→ Problem requirements: Only the lines from the first line of the entries through the line with "I bought this" belong in the answer, each restated word for word and without pictures.

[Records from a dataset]
- - - - -

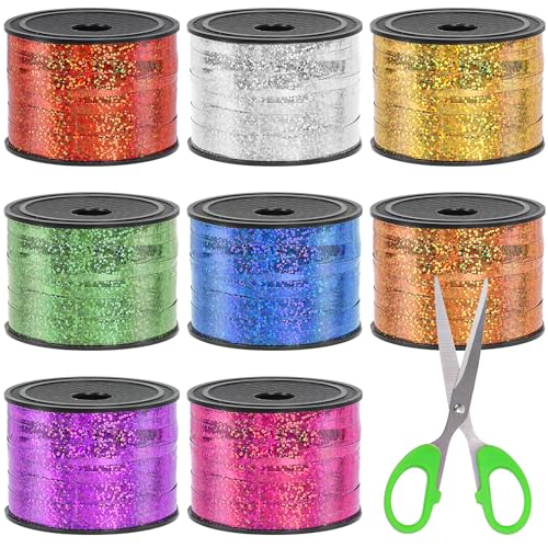 Swpeet 9 st 1/5 tum bred x 100 meter metalliskt curlingband med sax-kit, 8 färger veckat curlingband ballongband presentpapper för presentinslagning fest festival konst dekoration tillbehör
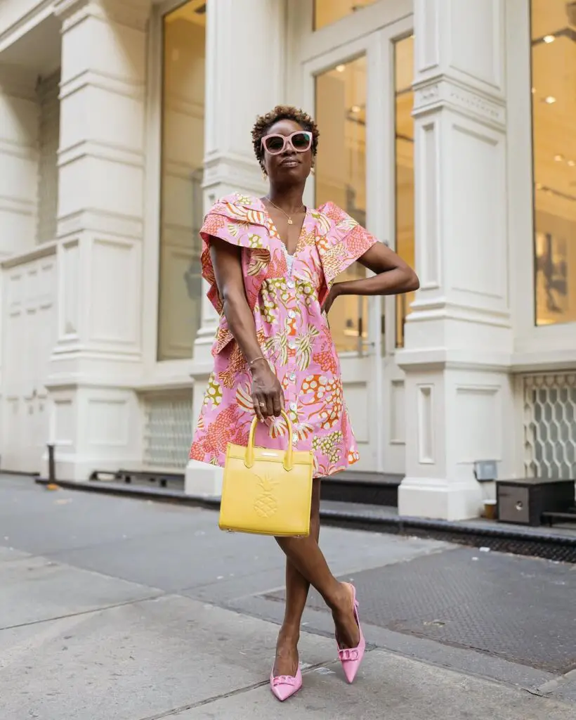 Match a yellow clutch with a floral sundress for brunch dates.
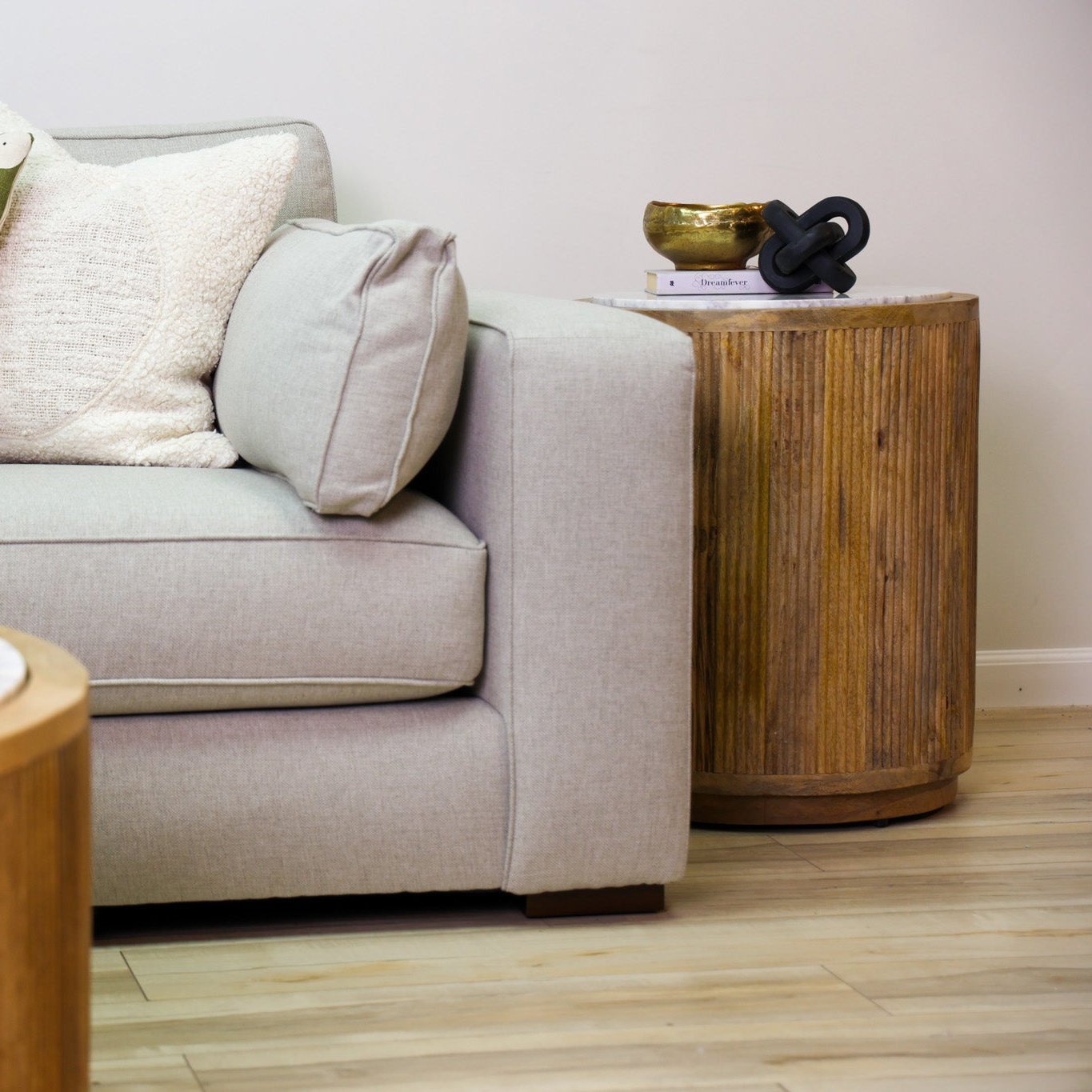 Crafted with high-quality mango wood and topped with luxurious marble, the Antonio Coffee Table boasts a sleek reeded design. Elevate your living space with this elegant piece and add a touch of sophistication to your home. Made for those who appreciate quality craftsmanship and timeless design.
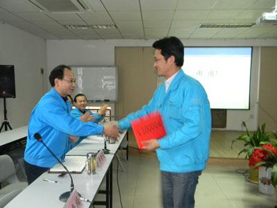??????? 3月5日下午,在公司召開的經(jīng)營活動業(yè)績反饋會上,李智超總經(jīng)理親自為投影事業(yè)本部頒發(fā)獎金。并要求投影事業(yè)本部在今后的工作中戒驕戒躁、繼續(xù)努力、再創(chuàng)佳績,再接再厲做好今年的各項工作。同時,要求全體干部員工向他們學習,學習他們不畏困難、齊心協(xié)力、立即執(zhí)行,按要求完成任務(wù)的精神,為全面完成公司年度目標與各項重點工作不懈努力。
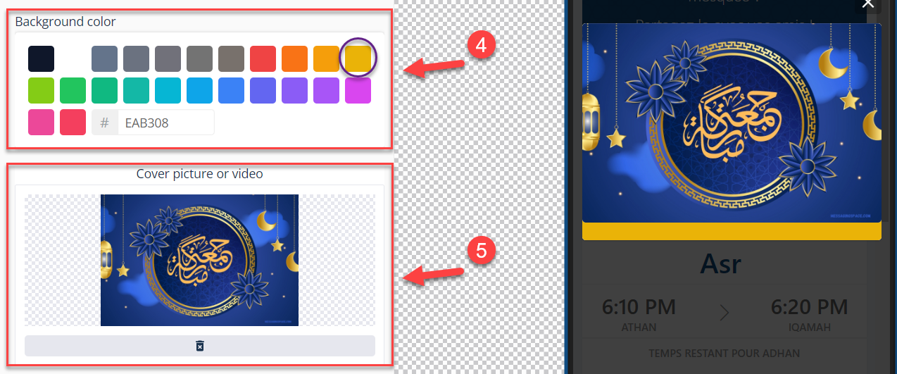 Select the color of the background⁽⁴⁾ & the cover picture or a video⁽⁵⁾ you want.
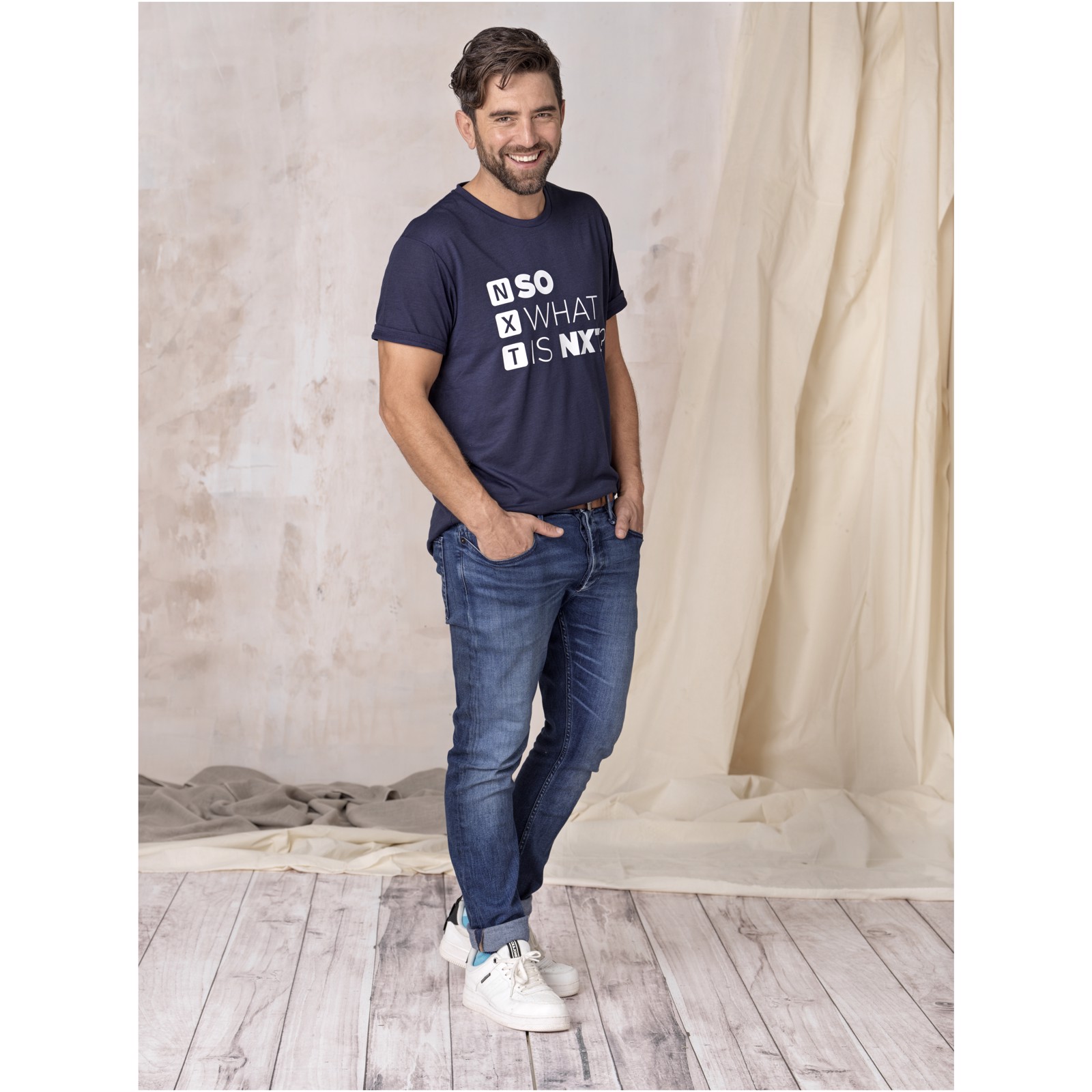 Udržitelné reklamní předěty. Krk Scoop. Boční švy. Dlouhý zadní díl. Průramník. Dvojité stehování.
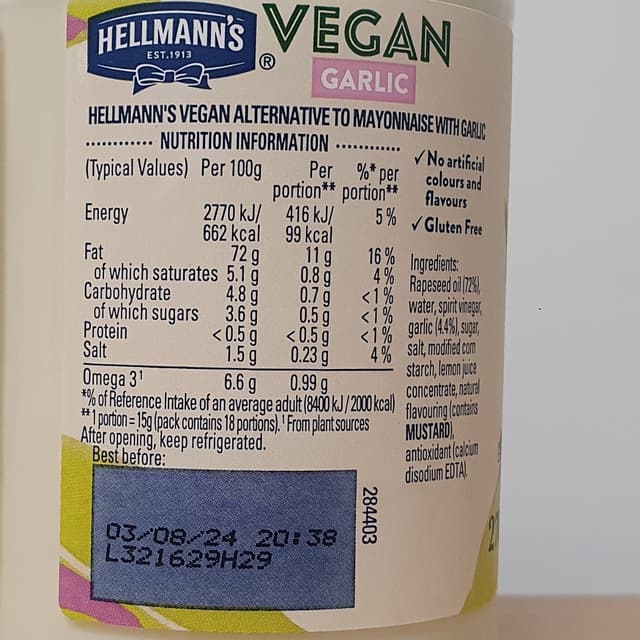 I bought this when I was in London; I've only seen it sold online in Spain. It's similar to this brand's mayonnaise (reviewed): intense with a thick texture. Yet, you can taste a hint of garlic. It goes well with baked potatoes and in sandwiches.
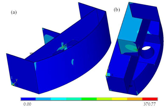 Distribution of the von Mises stress (in MPa) for the triangular shape of the superior bracket under ULS conditions: (a) superior view and (b) inferior view.
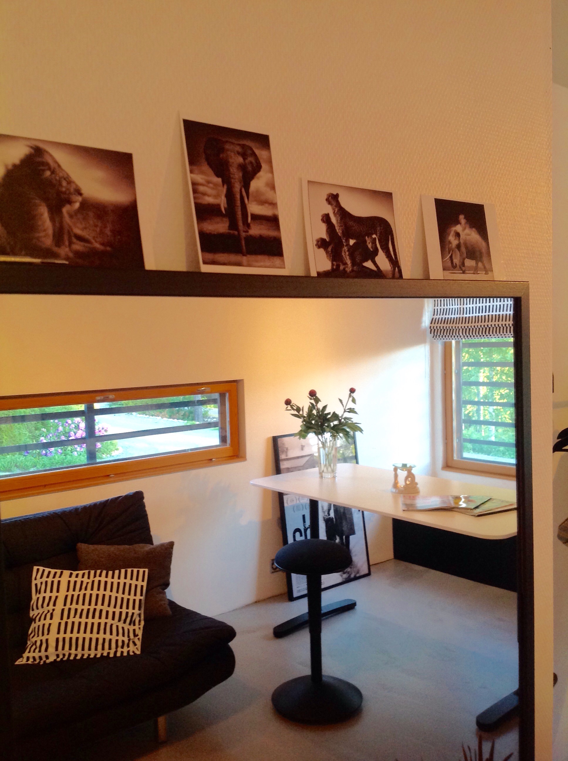 Työhuoneeni on ollut valmiina jo viikon verran. Laitan valmiista työhuoneestani kuvia. Muutamia erityisiä juttuja, joita halusin huoneeseeni, olivat Artekin Siena-kangas, betonilattia sekä Ikean mustavalkoiset kalusteet. Seinälle halusin Pawel Pawlikowskin Ida-elokuvan julisteen sekä valokuvaaja Nick Brandtin valokuvista tehtyjä kortteja. Molemmat ovat tehneet minuun erityisen vaikutuksen tänä vuonna.
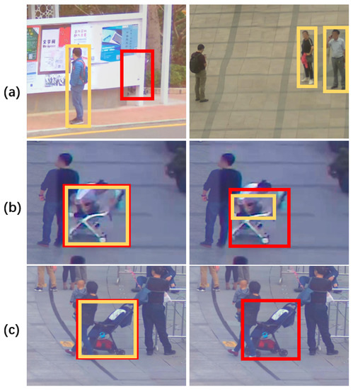 Visualization of some problems. (a) The baby carriage (red box) is severely occluded by the billboard, and the person on the left of the right image is unlabeled. (b) Detection of baby carriage with a baby. (c) Detection of baby carriage without a baby.
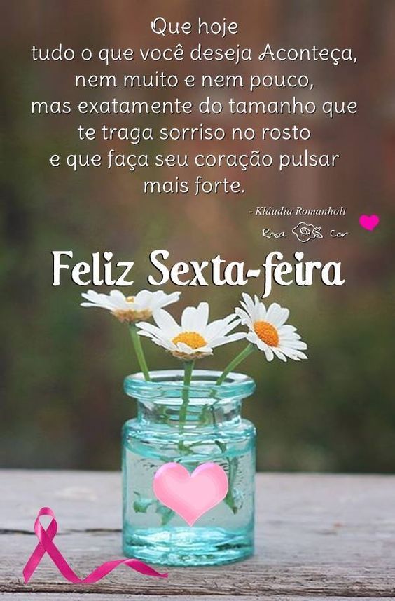 Excelente final de semana pra você e toda a sua família! Desejo que a sua sexta-feira seja repleta de muito amor e carinho… E que a felicidade seja constante na sua vida.
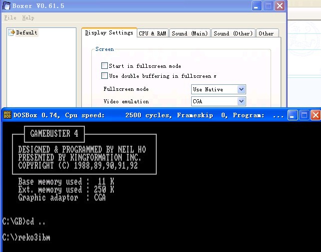 4。点C盘里的DOSBOXER运行(建个桌面快捷方式即可),在DOSBOXER菜单里选择,显示为CGA模式,CPU的哪个如果你的机器CPU配置为1。6G以上,就可以输入5000转即可。其他设置不用动,别选择满屏模式。点运行DOSBOXER,蹦出两个黑窗口,一个别管它,最小化即可,但不能关。
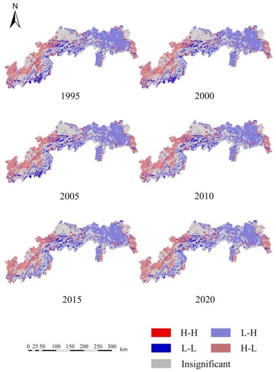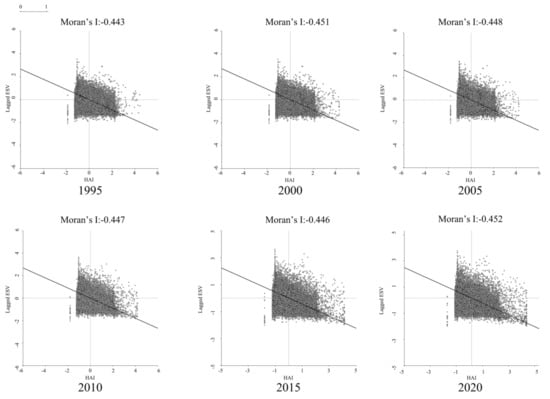 Figure 5 depicts the findings of a bivariate spatial autocorrelation model and scatter plot analysis of the unit grid’s per unit area ecosystem service value and HAI over six time periods. The indices of correlation between the two variables were computed. For 1995, 2000, 2005, 2010, 2015, and 2020, the bivariate spatial autocorrelation indices were −0.443, −0.451, −0.448, −0.447, −0.446, and −0.452, respectively. These indices show that the two variables had a reasonably substantial negative spatial association. Throughout the research period, the negative spatial relationship among them increased at first, then reduced, and then increased again.
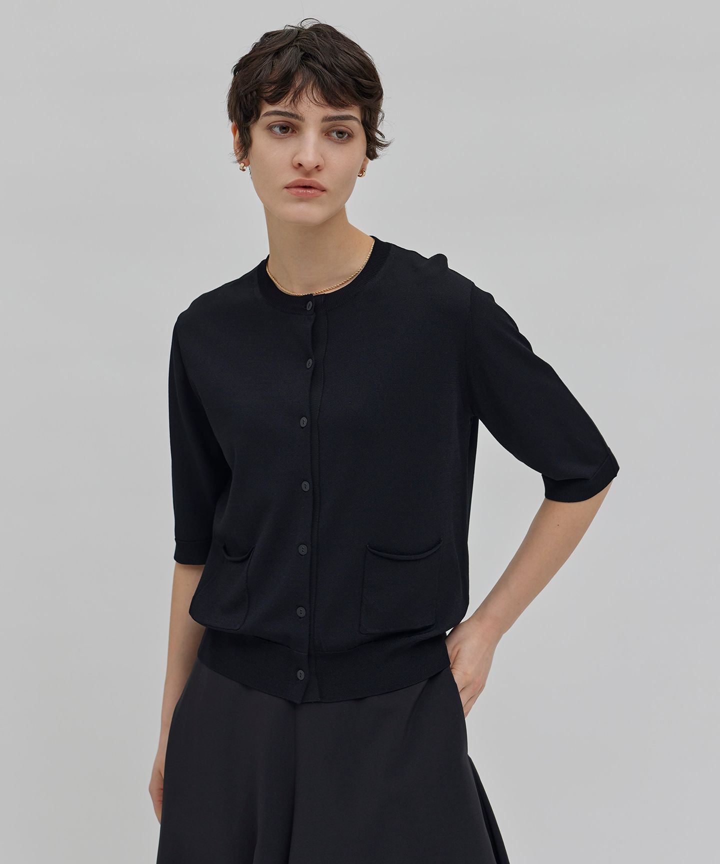 VALOIS(ヴァロア)幅広く着回せるミドル丈カーディガン■デザイン昨年よりご好評いただいている人気カーディガンに新しいカラーが登場。デザインは変わらず使いやすいシルエットで、この時期着合わせしやすい半袖カーディガン。長めの袖丈にすることでかわいらしさを抑え大人な印象に。華奢に施したグログランテープと小ぶりな釦を配色にしアクセントを効かせました。お仕事やオフィスのキレイ目トップスとして、ワンピースやノースリーブのカーディガンとして、着回しの効く1枚です。■素材手触りがとても滑らかで、シワになりにくい素材。吸水性と通気性も優れており着心地が良く、また形崩れしづらいのも特徴です。ご自宅で手洗いが可能な素材となっています。■同素材アイテムVALOIS / ドッキングニット※照明の関係やパソコンなどの環境により、若干製品と画像のカラーが異なる場合もございます。また商品画像はサンプルを使用しているため、実際にお届けする商品と色味や仕様の変更がある場合がございます。ご了承くださいませ。
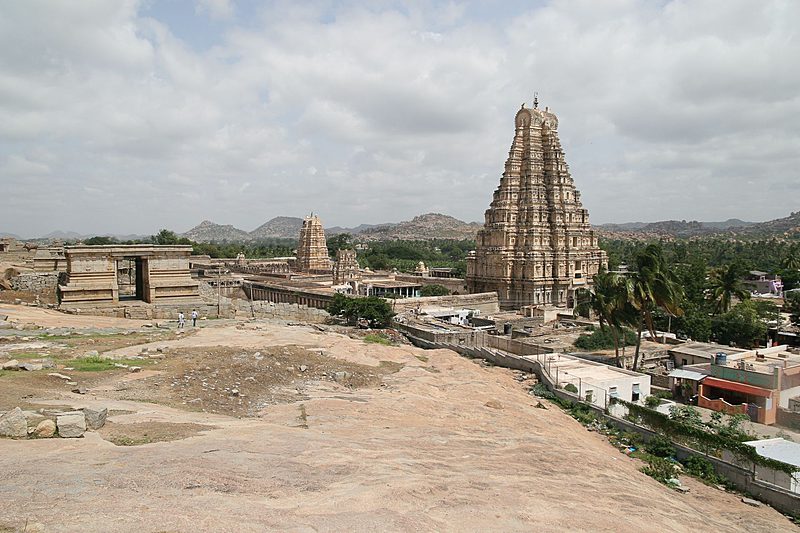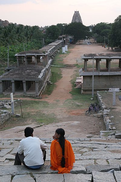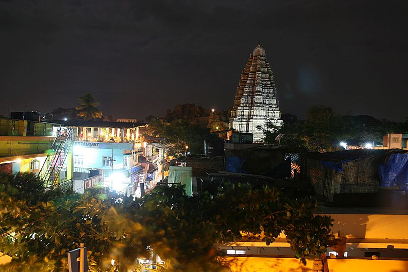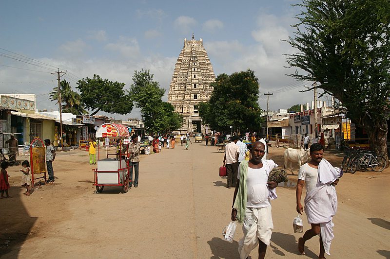 In Hampi Bazaar selbst ist der älteste und fast 50 m hohe Eingangsturm des Virupaksha Tempels allgegenwärtig.

- - - - -

→ Output of the task:
 Swpeet 9 st 1/5 tum bred x 100 meter metalliskt curlingband med sax-kit, 8 färger veckat curlingband ballongband presentpapper för presentinslagning fest festival konst dekoration tillbehör
 Match a yellow clutch with a floral sundress for brunch dates.
 Crafted with high-quality mango wood and topped with luxurious marble, the Antonio Coffee Table boasts a sleek reeded design. Elevate your living space with this elegant piece and add a touch of sophistication to your home. Made for those who appreciate quality craftsmanship and timeless design.
??????? 3月5日下午,在公司召開的經(jīng)營活動業(yè)績反饋會上,李智超總經(jīng)理親自為投影事業(yè)本部頒發(fā)獎金。并要求投影事業(yè)本部在今后的工作中戒驕戒躁、繼續(xù)努力、再創(chuàng)佳績,再接再厲做好今年的各項工作。同時,要求全體干部員工向他們學習,學習他們不畏困難、齊心協(xié)力、立即執(zhí)行,按要求完成任務(wù)的精神,為全面完成公司年度目標與各項重點工作不懈努力。
 Select the color of the background⁽⁴⁾ & the cover picture or a video⁽⁵⁾ you want.
 Udržitelné reklamní předěty. Krk Scoop. Boční švy. Dlouhý zadní díl. Průramník. Dvojité stehování.
 I bought this when I was in London; I've only seen it sold online in Spain. It's similar to this brand's mayonnaise (reviewed): intense with a thick texture. Yet, you can taste a hint of garlic. It goes well with baked potatoes and in sandwiches.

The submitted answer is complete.